Sunday, January 2, 2011

The truth is that people of all sizes get OSA (obstructive sleep apnea).

After being on a special super-high-fat diet for my epilepsy, I was at my lowest weight in decades.  That is when I was diagnosed with OSA (obstructive sleep apnea).  I mention this because people falsely assume that only fat people get sleep apnea.  This is a dangerous assumption because it can prevent lean people from getting tested even when they show symptoms.  And it can prevent fat people from getting tested because they feel guilty that their fat caused the problem.  The truth is that people of all sizes get OSA.

I was determined to find a treatment that included self-care and self-acceptance ... not the party line that includes a recommendation to lose weight.  Losing weight is NOT AN ACTION!  Eating healthy and exercising are actions ... and I already was doing those.  I was not going to go on a restrictive, deprivational diet and exercise compulsively to be smaller than my natural weight.  Yo-yo dieting was not going to help my OSA.  And all dieting is likely to be yo-yo dieting.  I wanted to find a real solution to my health issue.

I was unable to tolerate the CPAP for many reasons.  I really tried.  As  matter of fact, I am so good at resolving issues with CPAP that I often coach clients through the process until they can use their own CPAP comfortably.  For myself, I simply could not use this option because the CPAP gave me a constant headache 24 hours a day.  Even my most ingenious problem solving did not help.  I kept searching for alternatives.

I am happy to tell you, that after years of research, I found a simple treatment solution that completely resolved my OSA.  Instead, I wear a little oral appliance that moves my jaw forward and I had my soft pallet stiffened with Pillar Implants. Each one improved my breathing substantially, but did not give complete relief.  Both of them together totally resolved my severe OAS.  I was thrilled when my sleep study confirmed ZERO apneas per hour!!

It turns out that many people never get tested for sleep apnea because they simply do not want to use the CPAP.  50% of those who are prescribed CPAP do not use their machines.  We really need better means of treatment.  If you have or fear you might have OSA, please do the problem solving so that you can wear your CPAP or look into these alternative treatments.  Please check out my site where I have written up the process for getting your own oral appliance and soft pallet implants.

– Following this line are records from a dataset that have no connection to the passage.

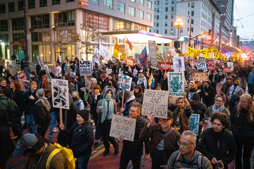 “In Venezuela, in Iran, in Ukraine, Greenland, Sudan, Congo, Yemen, Myanmar, tensions all over the world are ramping up,” said Aditya B of the Democratic Socialists of America’s San Francisco chapter. “We in the United States are not only experiencing violence and repression at home, but we know our corrupt government and military are responsible for escalating tensions and causing suffering of so many millions all across the globe. Our tax dollars fund this machine. So it’s pretty clear: we have to do something about it.”
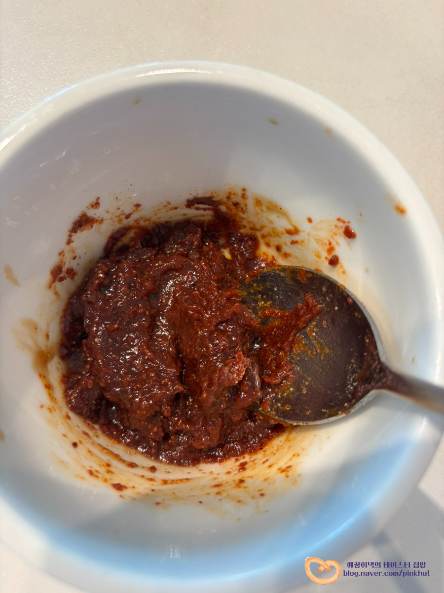 완성한 소스는 한꺼번에 넣지 않고 조금 덜어 놓고 입맛에 따라 추가하셔도 좋아요
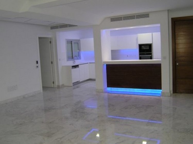 Top quality marble floors in reception and kitchen areas
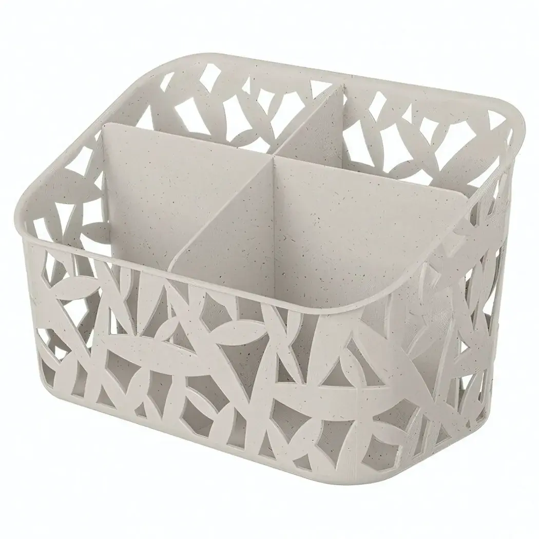 Практичный и функциональный органайзер с четырьмя секциями разной высоты поможет удобно хранить канцтовары, косметику или мелкие предметы. Стильный растительный орнамент и нейтральная бежевая гамма создают эстетичный акцент, который гармонично впишется в интерьер спальни, ванной или рабочего кабинета.

Self-care means getting treatment for those illnesses or conditions that effect your life.  Instead of embarking on a yo-yo diet experience, participate in problem solving for your self-care and self-acceptance.  My quality self-care paid off on this one.  It was a long and arduous process.  If my journey can save you some time and effort, I am honored to share my story.

6 comments:

living400lbs said...

Well...CPAP is certainly better than tracheostomy, which was the standard treatment for server apnea when my mother inquired about my [thin] father's penchant for ceasing breathing multiple times an hour.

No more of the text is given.